Sherman also noted it was significant that the rate of moderate to severe palmar—plantar erythrodysesthesia syndrome was 3.4 percent. He said that Nexavar (sorafenib), the other TKI approved in this setting in recent years, “had a very high frequency of palmar-plantar erythrodysesthesia in the pivotal phase 3 DECISION study.”

There were six patient deaths in the Lenvima arm considered to be treatment related, including pulmonary embolism, one hemorrhagic stroke, one related to a general deterioration of health, and three in which no specific cause was identified.

Martin Schlumberger, lead author of the SELECT trial, commented on these treatment-related deaths in an interview at the 2014 ASCO Annual Meeting. “These six deaths are too many, but we have to compare that to the hundreds of lives that were saved from treatment with the drug. So you have efficacy, but you also have toxicities and usually these go together,” said Schlumberger, a professor of oncology at the University Paris Sud in Paris, France.

With Nexavar and Lenvima both now both available for RAI-refractory DTC, the issue of sequencing now arises. Sherman, for his part, said he would use Lenvima first. “The degree of improvement and progression-free survival would appear to be markedly higher with lenvatinib than sorafenib. So I personally think that the effectiveness of lenvatinib is going to be superior to that of sorafenib in this patient cohort.”

Schlumberger, however, did not express a first-line preference.

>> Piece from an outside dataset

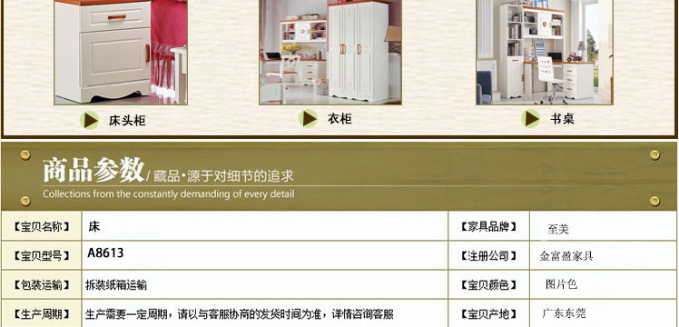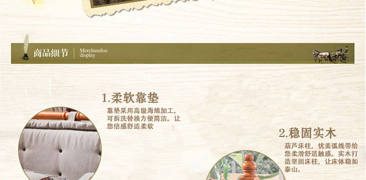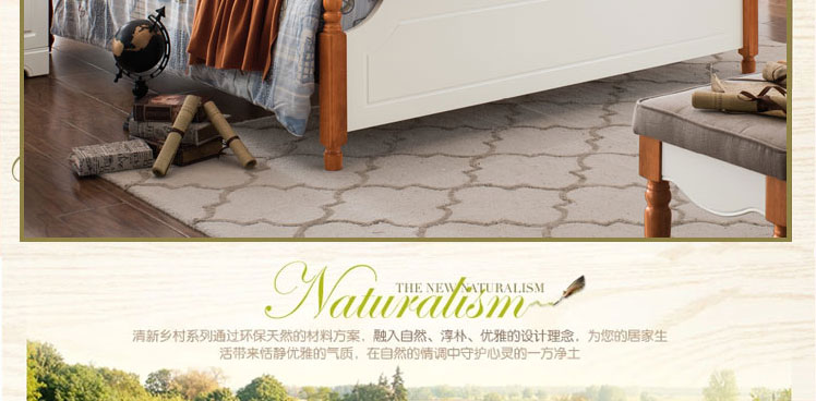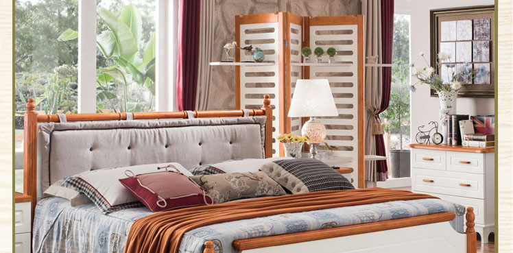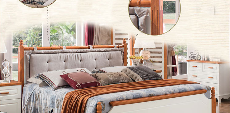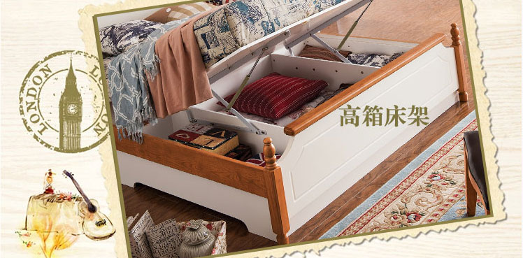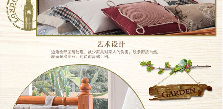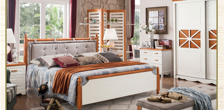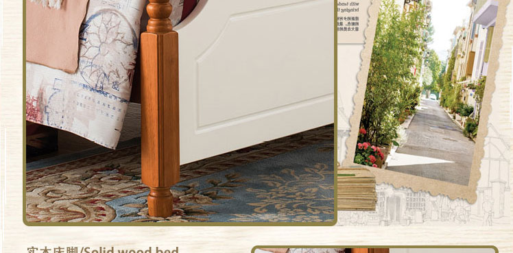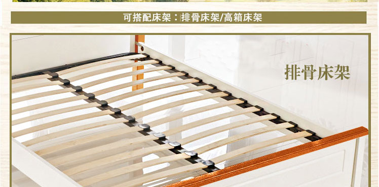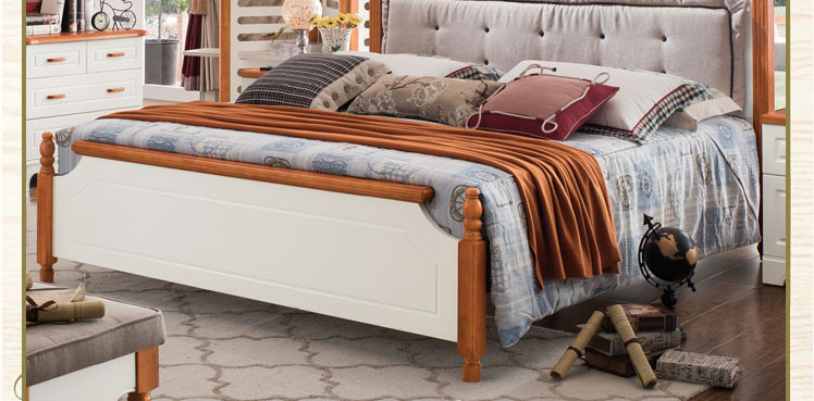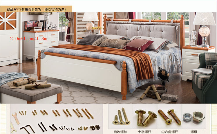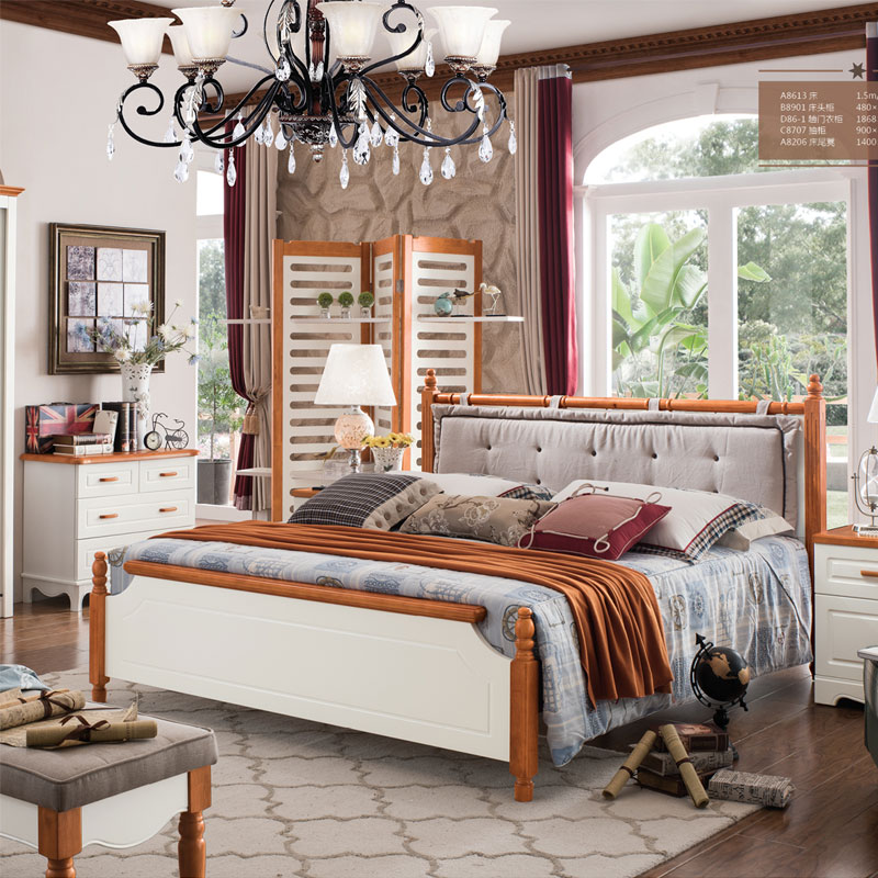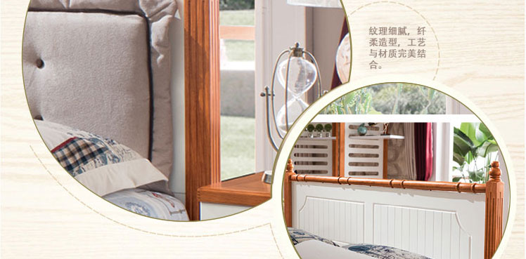至美乡村白色田园风格实木床双人床实木床1.5/1.8米实木布艺床A8613

“When patients with distant metastasis or locally advanced disease progress, they progress slowly so they can be treated with one of these two drugs. Some will respond and then progress but still be alive and in good condition. So most of these patients will require two lines of treatment. So we may start with sorafenib, or we may start with lenvatinib but in the end they will receive both drugs.”